The tape product is fragmented, sometimes inaudible, but in his laboratory of giant devices, with antediluvian mixers and track separators, he manages well enough to unify all the recordings into one; When he achieves it he reaches a conclusion: The couple is afraid that someone will kill them, and Caul realizes that someone is their client (Robert Duvall), who will pay him $15,000 for the task (Duvall’s secretary, a supporting role, is Harrison Ford three years before “Star Wars”).

Here comes the moral dilemma, the one that will survive any type of technical scaffolding: Caul, who is also a man of Christian faith, does what no one in his profession should do: get personally involved, and fear for the fate of his spies. A similar burden weighs on his conscience for a dirty job he had done for the government, which ended with multiple murders.

Chandor, in “The conversation” of the 21st century will not only have to resolve the aforementioned gap between analogue and digital, but also some innocence of the original. that the current viewer, accustomed to consuming hundreds of police and espionage series, some of them truly well constructed in all their details, would not accept today.

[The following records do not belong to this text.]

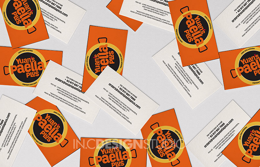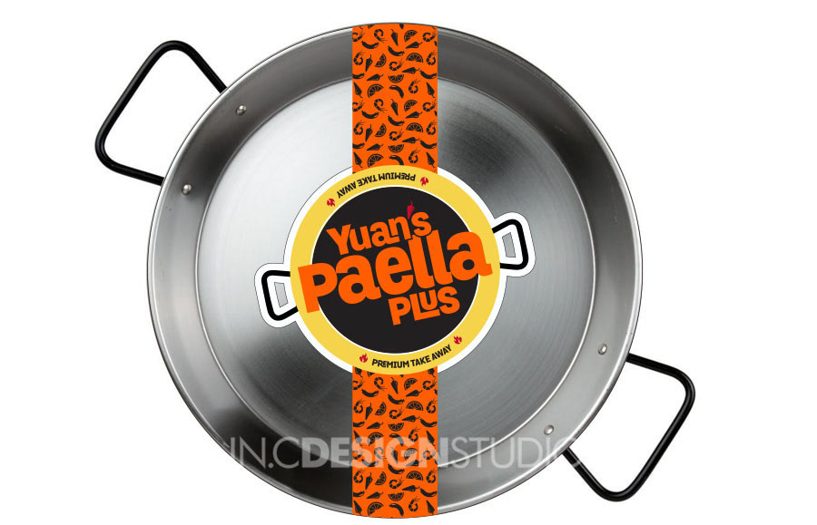 Logo and branding design for Yuan's Paella Plus, a premium take out food business.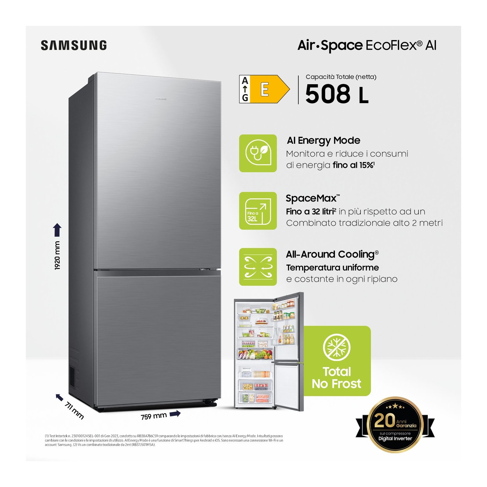 Frigorifero e congelatore Combinato FIRST RB50DG602ES9EF Air Space EcoFlex AI Total No Frost Metal inox classe E (75,9x71,1x192cm)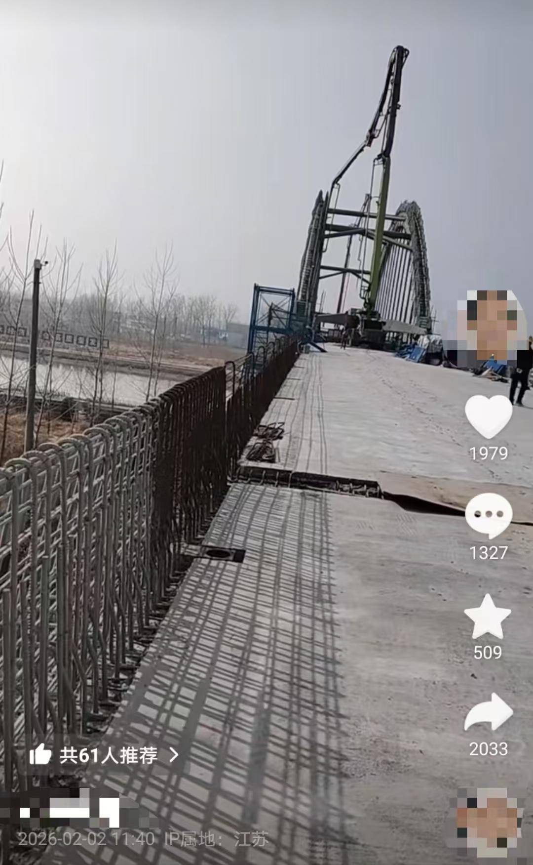 该桥位于小尖镇月港村,记者注意到,从2025年12月初开始,一网友在短视频平台经常记录修建该桥的过程,其称是修建该桥的农民工,60后,和工友负责打灰。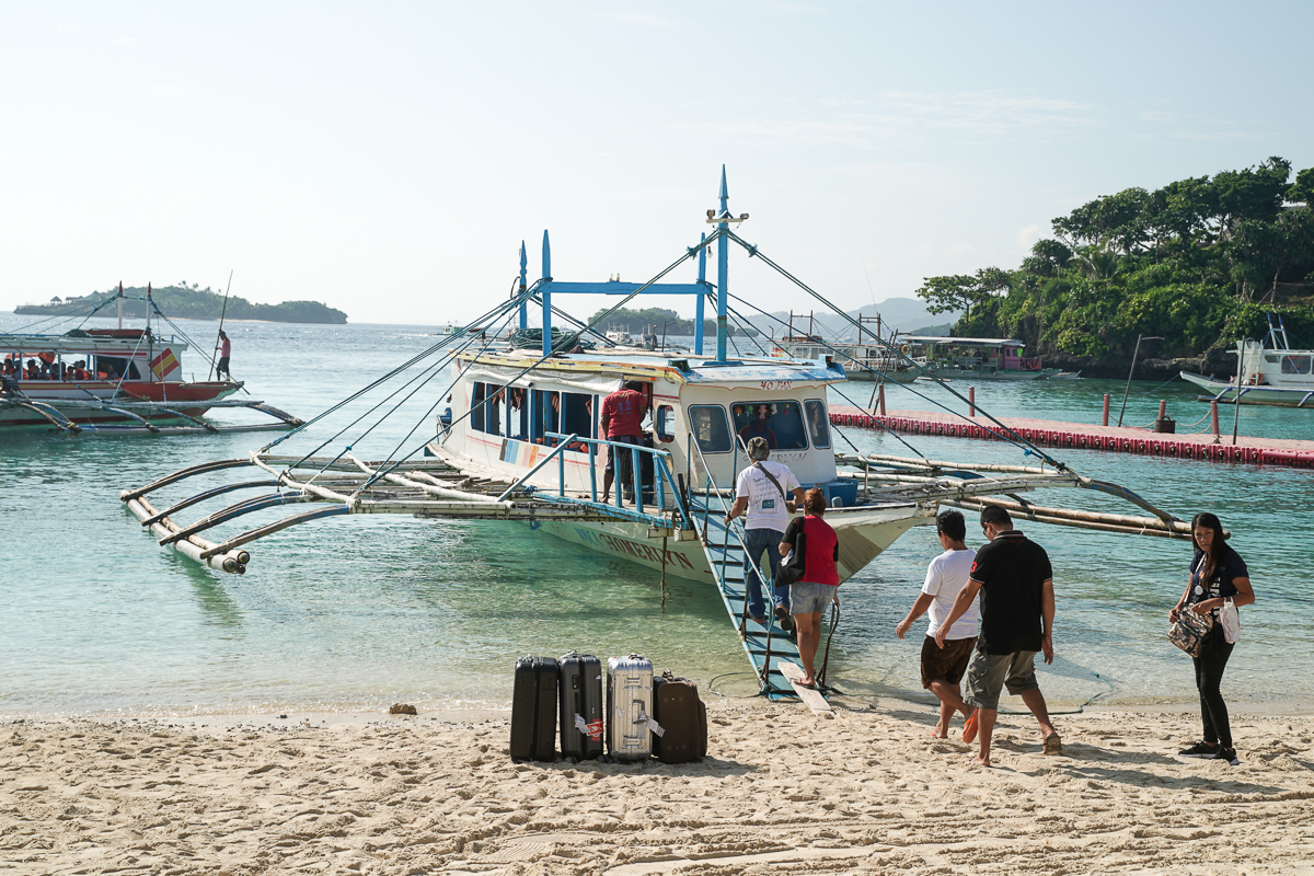 2つの空港があるパナイ島からボラカイ島へは船で移動します。島と島の間に橋などはかかっていません。この不便さがボラカイ島の環境維持に役立っています。カティクラン桟橋港からボラカイ島の港までは約15分の船旅になります。島間を航行する船は小さな船です。風向きや波の高さによって停泊する桟橋は変わる可能性があります。スーツケースなどの荷物は人力で船上へ運び上げます。

For example: how is it possible that a man who, by soul and profession, distrusts everyone, accepts that a colleague from the competition, within the framework of a convention and market for articles for researchers, “gives” him a pen? What do you plant in the outer breast pocket of your suit? Today, as soon as it happens, we wait for it to be revealed that that pen was a microphone. The viewer of 1974 perhaps not. (Also, there are those who said: if someone shows a gun in a film, that gun will necessarily end up being used.)

In the same way: how is it possible that this same man brings several colleagues and “easy girls” to his laboratory after the convention, and between drinks they listen to parts of the tapes on which he works and that should be under seven seals? And finally, the worst: how is it possible that Caul takes one of those girls to his bed in the laboratory for the night? Isn’t he afraid for the fate of the tapes when, hungover from the night before, he gets up from her and she’s gone?

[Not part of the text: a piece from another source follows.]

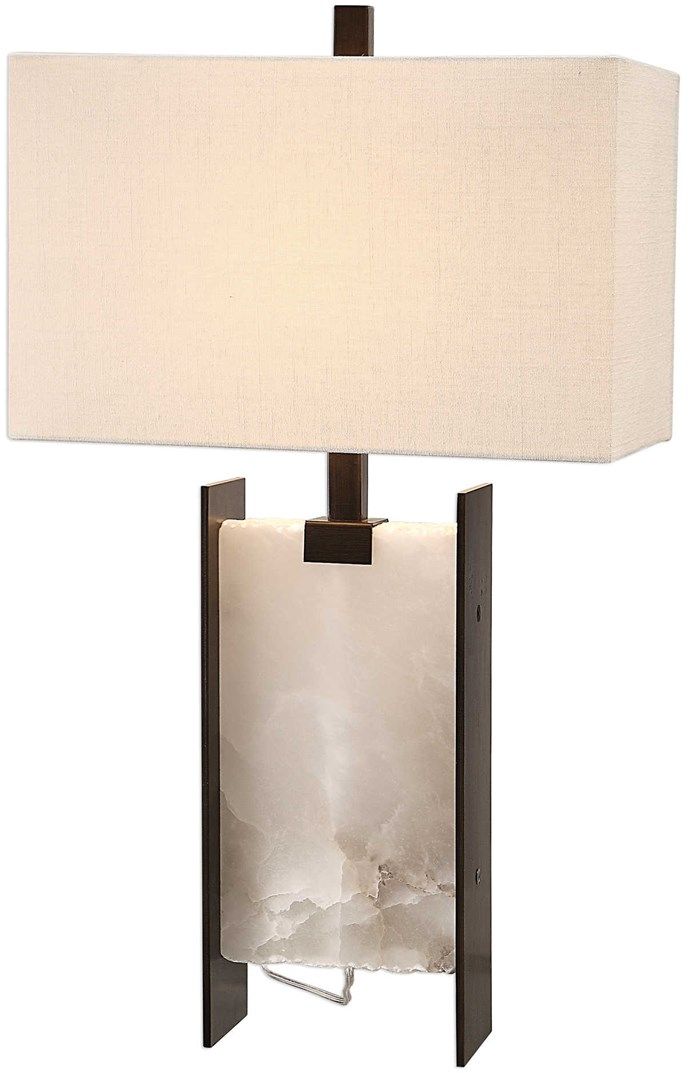 Thick slab of ivory marble with subtle rust veining and hand chiseled edges, suspended between thick steel supports, finished in a distressed dark bronze with gold highlights. The rectangle hardback shade is a white linen fabric.Read More

Told this way, for those who have not seen it, “The Conversation” gives the impression of being full of plot holes, and yet, miraculously, it survives them and, even seen today, resists despite this and despite the antiquity of its props as one of the most extraordinary films in Coppola’s work. Of course, a lot of it is due to Hackman’s composition, and to those infuriating details of his loneliness, his fears, his love of jazz, and his anthological final scene.

Although much is not known about the new version, at least it was anticipated that, in accordance with what the times prefer, there will not be a Harry Caul but a spy as the protagonist. Composition of such a character into a woman and not a man will pose an additional challenge for the adaptation. Along with Chandor, Erin Levy, known for her work on “Mad Men” and “Mindhunter”, will serve as showrunner. And, although Aubrey Plaza was mentioned as a candidate to play Hackman, the rumor was denied. Plaza co-stars with Adam Driver “Megalopolis”, Coppola’s long-delayed megaproject that still does not have a release date.